HANDS OF HOPE
Kent Ridge Lighthouse and GESL Group 5, Diploma Primary Programme
Working with multiple partners is no mean feat; however, organising a larger scale project can amplify the positive benefits of paying it forward and bring immense satisfaction.
We first reached out to Kent Ridge Lighthouse (KR Lighthouse) to run food distribution services for needy seniors. We felt that in doing so, we could raise the social awareness amongst volunteering KR Lighthouse students to empathise with the elderly who are living alone, bond the students through service learning and initiate the spirit of volunteerism to share the joy of giving.

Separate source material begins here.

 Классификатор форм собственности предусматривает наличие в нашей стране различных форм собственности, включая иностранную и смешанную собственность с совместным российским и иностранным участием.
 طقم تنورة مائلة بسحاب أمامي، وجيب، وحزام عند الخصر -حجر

To prepare the students for the food distribution service, we conducted a workshop with the volunteering students. We shared our expectations on the day of the food distribution and simulated stressful situations through role play to see how they would react. In doing so, we talked through uncomfortable scenarios that they might face and encouraged the students to share their views while giving them useful advice as mentors that they could look up to.
Concurrently, we also ran a food donation drive within the NIE community. Our food donation drive was also made known to the public via our social media platforms, namely Twitter, Facebook and Instagram. Our team members further sought donations from families and friends.

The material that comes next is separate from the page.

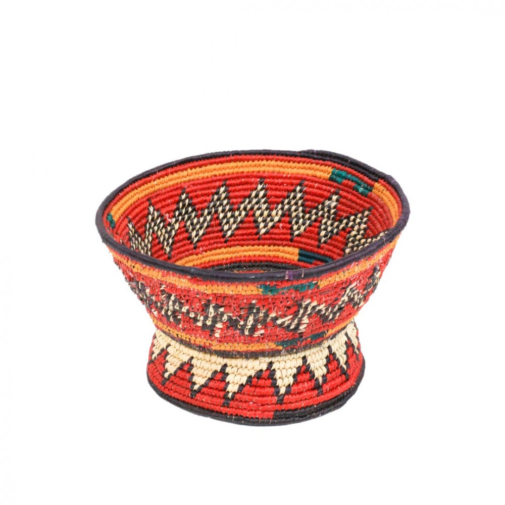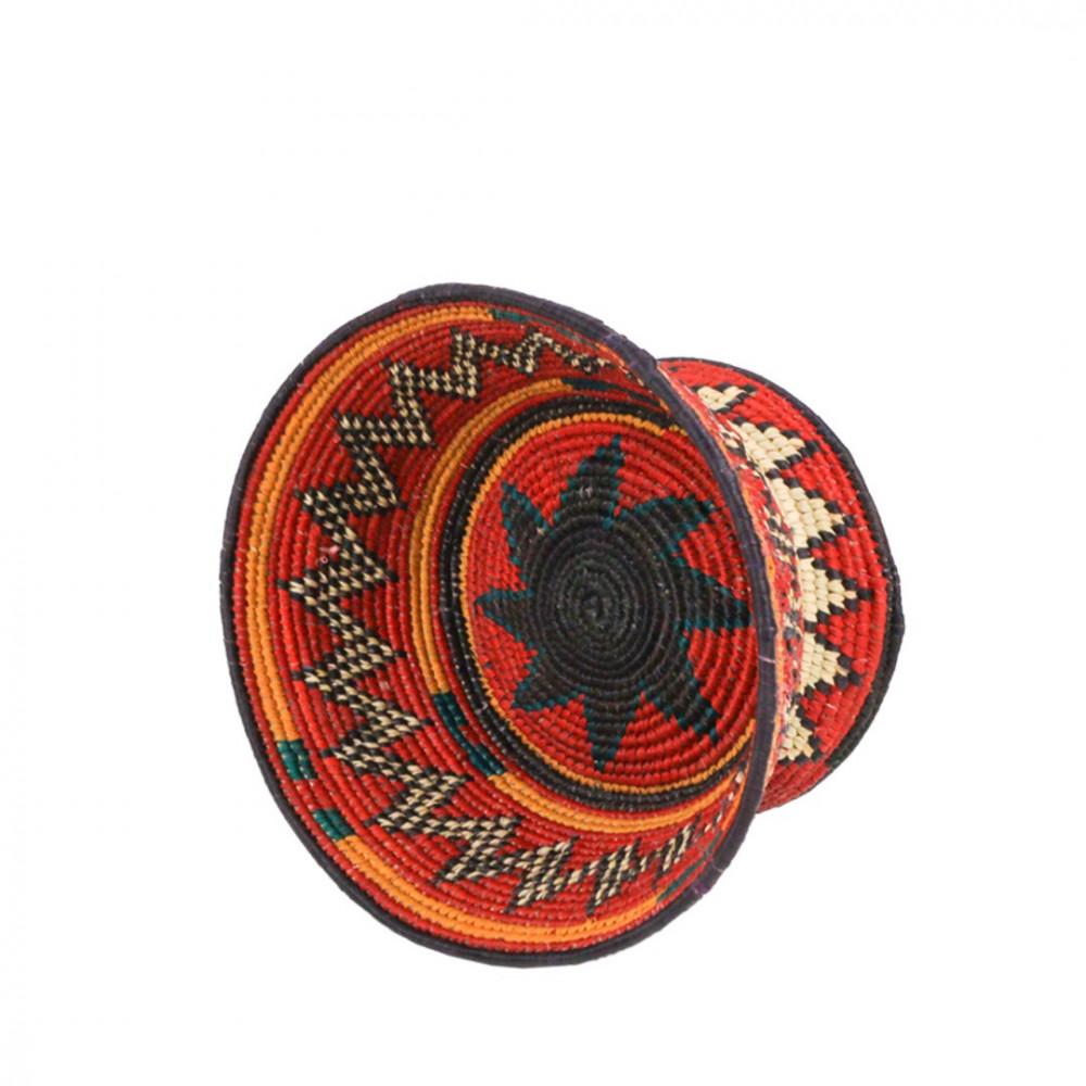 وعاء من الخوص يستخدم لتقديمات السفرة للضيوف يسمى ( مطرح ) مزين بالخيوط البرتقالية والتطريز شعبي.

The donations came in the form of cash and non-perishable food items. All items had to be collected, categorised and resorted before they were packed into bags to be distributed to elderly recipients with the assistance of the students from KR Lighthouse. The students had to give suggestions as to how we could pack these items to ensure that each household received an equal number of items.
Distribution was made possible by working with a community partner, Lion Befrienders which is a welfare organisation that serves poor elderly. We paired up with students to complete our food distribution tasks. The team was divided into 10 groups, each group consisting of one student teacher and two or three students. The groups were also made up of different races as most of our beneficiaries were Chinese and Malay who did not speak English so we had to have a mixture of Chinese and Malay teachers or students in each group.

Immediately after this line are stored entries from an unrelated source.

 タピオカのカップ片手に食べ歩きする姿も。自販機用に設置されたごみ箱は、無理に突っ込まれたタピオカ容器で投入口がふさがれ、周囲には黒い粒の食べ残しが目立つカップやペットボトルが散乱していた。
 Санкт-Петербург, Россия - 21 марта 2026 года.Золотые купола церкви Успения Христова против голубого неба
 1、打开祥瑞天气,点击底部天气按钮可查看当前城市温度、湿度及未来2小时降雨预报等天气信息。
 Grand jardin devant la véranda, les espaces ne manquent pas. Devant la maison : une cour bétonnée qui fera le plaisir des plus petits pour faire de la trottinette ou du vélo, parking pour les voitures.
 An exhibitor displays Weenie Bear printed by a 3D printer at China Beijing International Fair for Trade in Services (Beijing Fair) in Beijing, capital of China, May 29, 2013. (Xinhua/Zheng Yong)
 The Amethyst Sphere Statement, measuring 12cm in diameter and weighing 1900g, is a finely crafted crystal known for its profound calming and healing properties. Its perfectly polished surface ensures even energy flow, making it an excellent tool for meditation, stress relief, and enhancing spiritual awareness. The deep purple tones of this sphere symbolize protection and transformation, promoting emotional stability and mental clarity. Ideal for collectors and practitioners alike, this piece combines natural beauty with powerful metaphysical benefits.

We observed that the students interacted well with the elderly. From the start of this project, we deliberately linked up students from low-income families to share our service-learning opportunity to serve needy seniors. During our debriefing session, we emphasised that despite their own circumstances, they were able to learn and contribute effectively. For teachers, it was all about a matter of winning their attention and enthusiasm.
As teachers to be, this project allowed us to see the issue of poverty in Singapore in a different light. There are many pioneer Singaporeans who have worked hard and contributed to the success of Singapore in their own ways and yet have fallen through the cracks.
Meritocracy, while being a pillar of our success, works to the detriment of those caught within the poverty cycle and certainly they need more help to ensure that they have a chance to break out of this vicious cycle to find their own success. This can only be done through having a self-sustaining culture of giving back. We need more helping hands of hope to ensure that no one gets left behind in our success.